This is, I’m pretty sure, the youngest Port Ellen I’ve had (this 21 yo is the youngest I’ve previously reviewed). This was released in 2000, one year before the first annual release; in other words, before Port Ellen was quite Port Ellen. As you may be tired of being told (and I’m sure I’ve said it many times before myself), Port Ellen was a workhorse distillery when it was operational and almost no single malt version was released until the the mid-late 1980s (after it had closed) and it wasn’t until the late 1990s and really the early 2000s that it became widely known and it’s now iconic reputation sealed. So someone who bought this bottle when it was first released probably did not pay very much more for it than they would have for whisky of similar age from open distilleries and would probably have thought you were kidding if you’d told them then that 15 years later the entry-level price for Port Ellen would be well north of $500.
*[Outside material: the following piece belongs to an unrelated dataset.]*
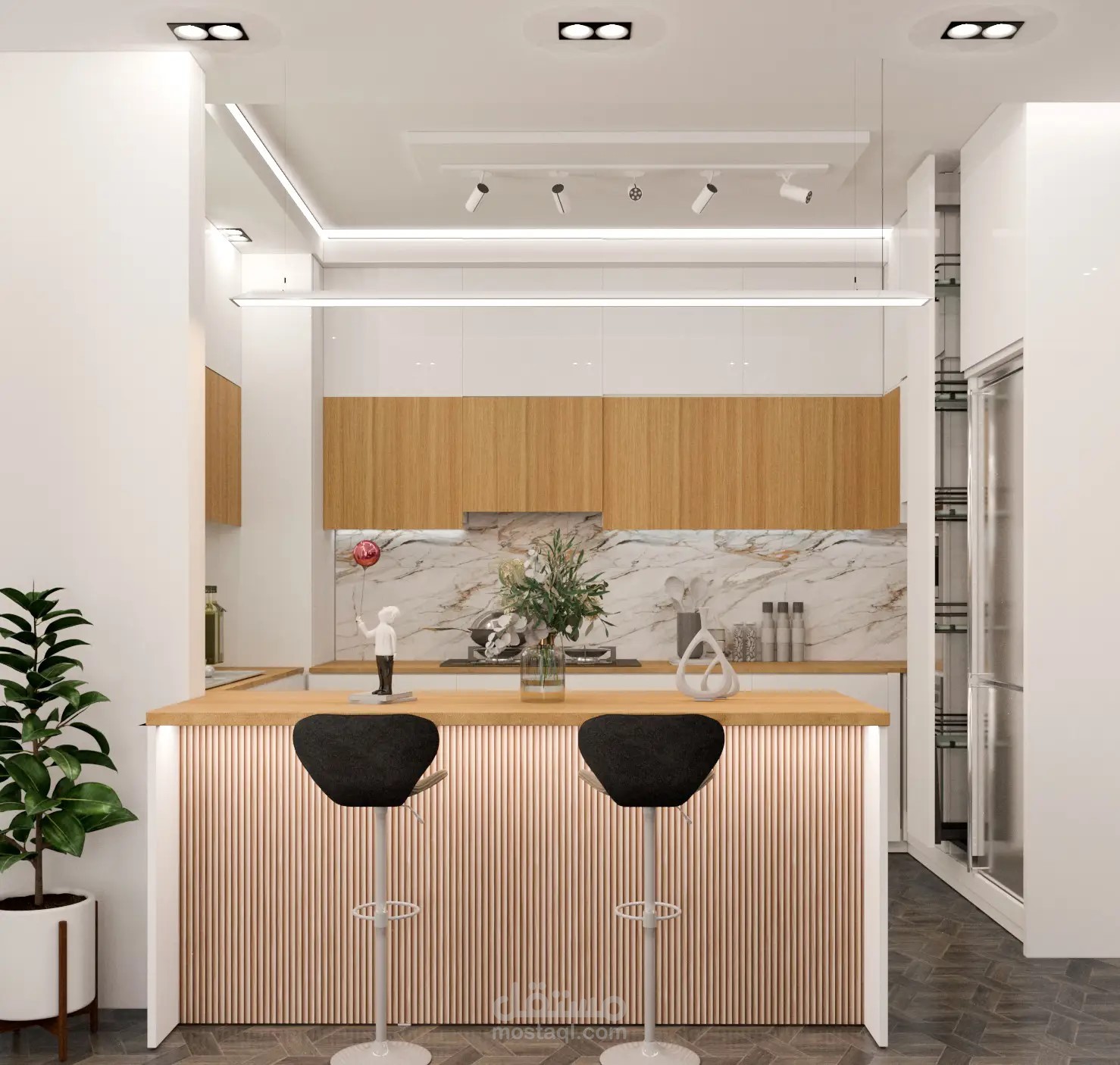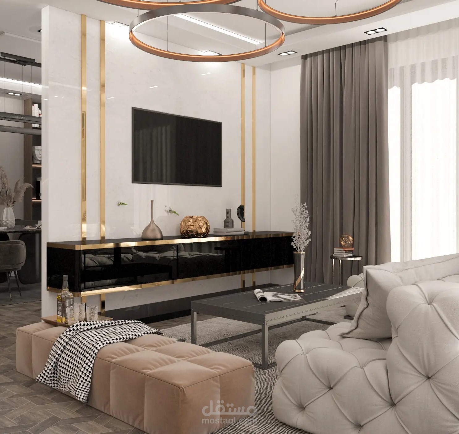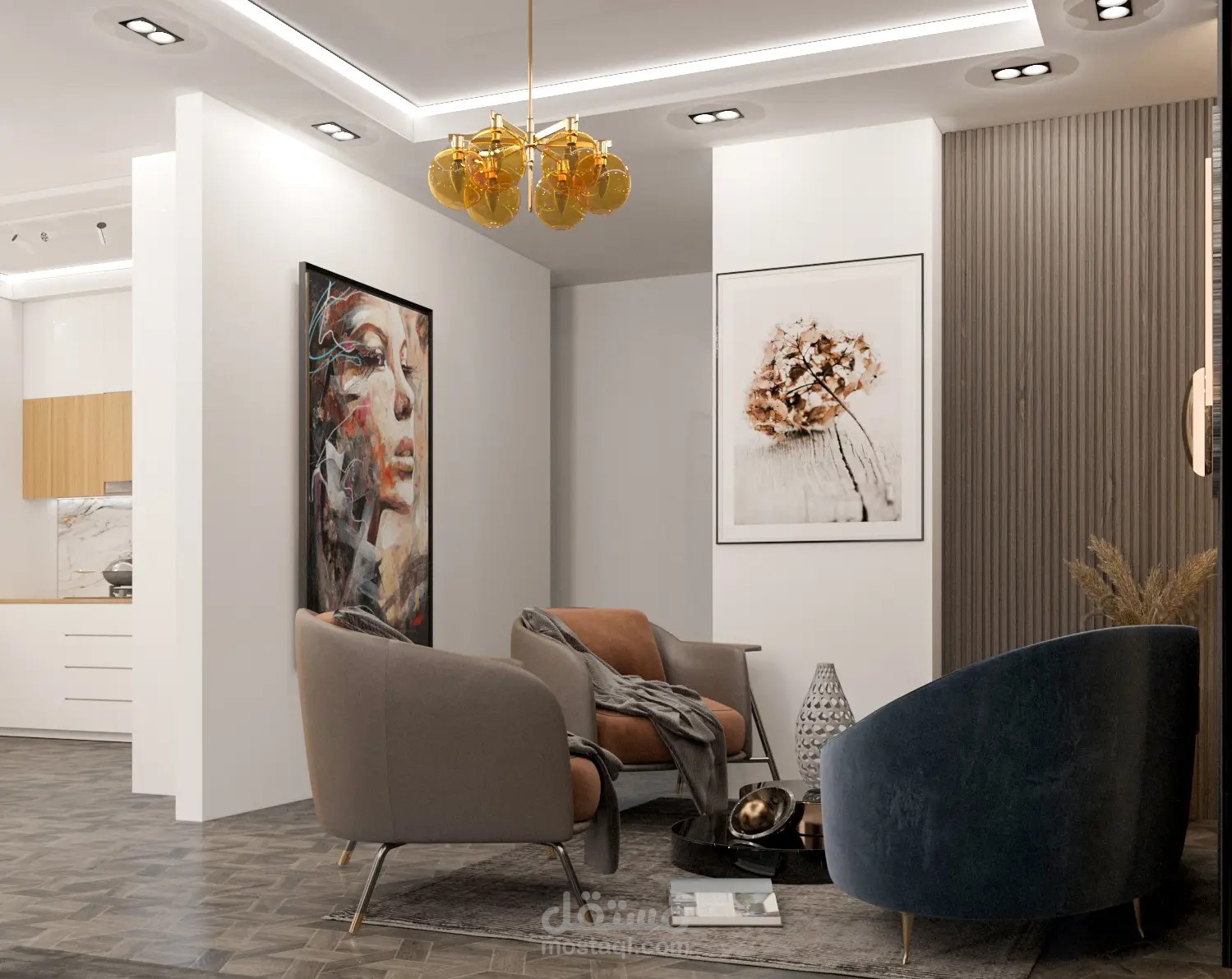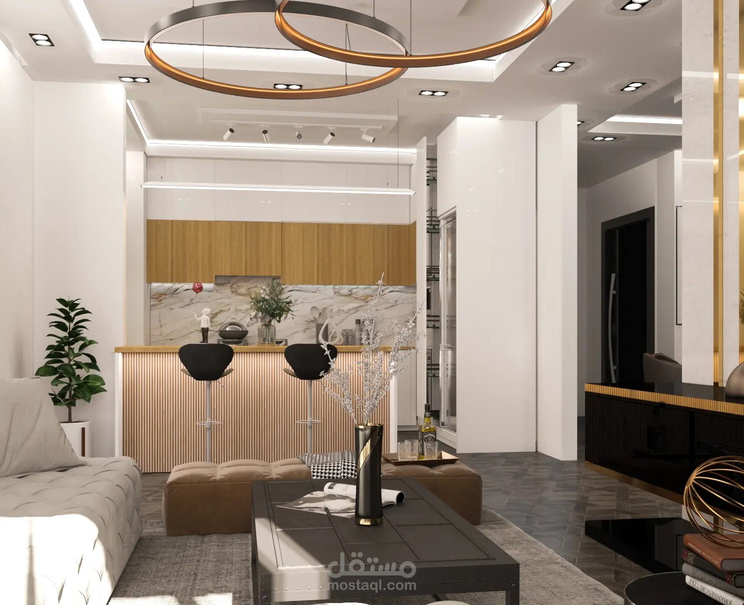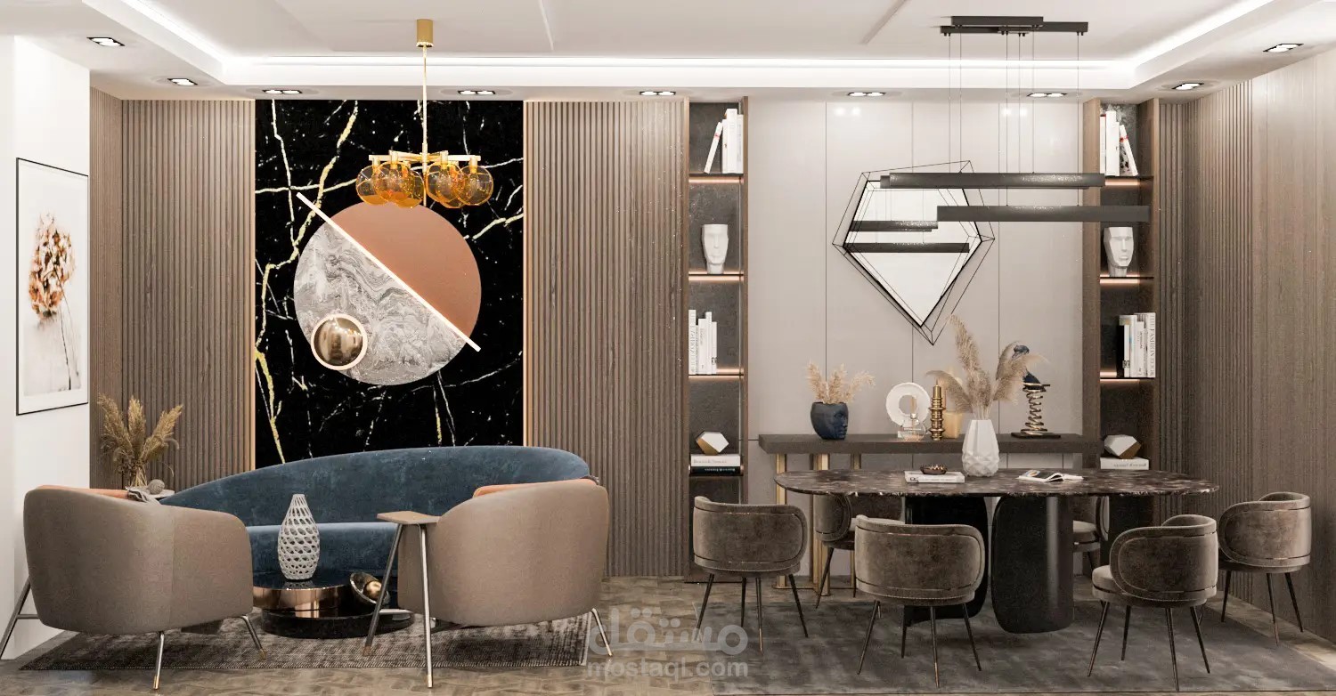 غرفة معيشة وغرفة استقبال ومطبخ و سفرة فى مكان واحد

This is from a sherry cask and is from Douglas Laing’s legendarily vast Port Ellen portfolio. While their wells seem to finally have run dry, Douglas Laing have released at least 160 Port Ellens over the years, as per Whiskybase—in fact, as per Whiskybase, they’ve released more Port Ellens than malts from any other distillery! Old Bothwell are probably the only other bottler who can say that and they’ve barely released anything but Port Ellen.
Port Ellen 18, 1981-2000 (50%; Douglas Laing, Old Malt Cask; sherry cask; from a sample received in a swap)
Nose: Mushroomy and earthy to start and then with expanding citrus there’s expanding gunpowder—mixed in with dried orange peel and apricot and salt, it’s the kind of sulphur I quite enjoy. Not very much smoke to speak of (perhaps masked by the gunpowder) but there’s a growing coastal note: brine, seashells. After a minute some paraffin bursts through and brings first lemon and then green olives with it; some mineral oil too. Three or four minutes in, here finally is the smoke, but it’s mild and mixed in with the paraffin and some wax. Sweeter with time and then smokier with time and the sulphur recedes. Water pushes the sulphur back even more and pulls out something plasticiney.
Palate: Quite austere to start, with the mineral oil and then the lemon. But then ashy smoke comes billowing up along with salt and the olives. Sweeter on the second sip and on the third but the salt expands too as does the phenolic character (not that it’s aggressively medicinal). The lemon expands with every sip and it gets more peppery and develops a bit of a char as well. With water it’s sweeter still (wet stones) and the ashy smoke expands as well.
Finish: Long. Lemon, minerally peat, ashy smoke and salt. More ashy smoke and some pepper with water and then quite a bit of a quinine-like bitterness.
Comments: Not for the sulphurphobe, but despite the sulphur it’s no sherry bomb—in fact, it’s not particularly sherried at all. And I should also note that the sulphur is not really particularly pronounced on the palate; and the palate is, I think, the best part of this whisky. I enjoyed this fine but it is one of those Port Ellens that will cure you of the notion that every Port Ellen must be some world-beating malt.
Rating: 87 points.
Thanks to Teemu S. for the sample!
This sounds like the whisky came from a somewhat tired cask.
From what I’ve read Port Ellen was one of Douglas Laing’s favorite distilleries (I guess before anyone else started liking it!) hence the large number of casks that went to his firm.
Thanks for that nugget. I would have assumed that like latter day Caol Ila, Port Ellen just produced a lot of casks for blending and that Douglas Laing just happened to have a large parcel that they had not disposed of.
I wouldn’t be surprised if Douglas Laing’s preference for Port Ellen on top of the lack of demand at the time was what led to the firm getting all those casks. It seems that demand for closed distilleries did not explode until the Internet age.